The old default before it was dynamically sized used to be 100000. An ideal size is about 2x the number of streams your system needs quick access to for reading/writing. Each entry takes around 1kb (depending on the stream names) so the default takes around 100mb.

timothycoleman avatar Aug 16 '22 07:08 timothycoleman

Thanks @hayley-jean @timothycoleman.

@timothycoleman, the stream info cache size does calculate too high. Will fine tune appropriately, thanks. image

Will revert back with results

mmuller99 avatar Aug 16 '22 09:08 mmuller99

@mmuller99 I have seen one case of this on V21.10.2 which we have upgraded to 21.10.7 and still believe it to be an issue. We are running with a stream info cache size of 100000 which was the default on V5 where we did not see this issue.

The only thing we have seen from the logs is that it seems to be a steady increase in the "SLOW" messages being logged as time goes on up until it restarted (over the course of weeks). Have you also seen this?

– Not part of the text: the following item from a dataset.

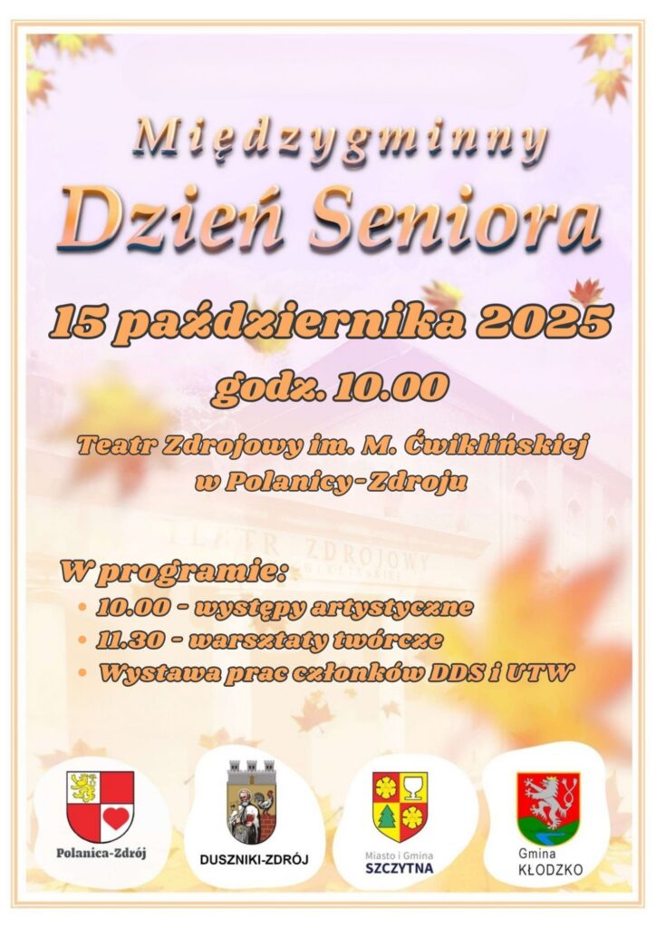 15 października w Teatrze Zdrojowym im. M. Ćwiklińskiej w Polanicy-Zdroju zorganizowany zostanie Międzygminny Dzień Seniora. W programie m.in. występy artystyczne, warsztaty twórcze i wystawa prac członków DDS i UTW.

PaskeS avatar Aug 19 '22 14:08 PaskeS

Hi @PaskeS, thanks for reaching out. Looking at our logs leading up to the crash, the amount of VERY SLOW QUEUE MSG messages does not seem to scale more and more as time goes on. Unfortunately our workflows sometimes do full stream reads and some very old events are quite big +- 3mb and I believe they are a possible culprit in our messages.

What is your DB age and size? Would you mind dropping your config like above?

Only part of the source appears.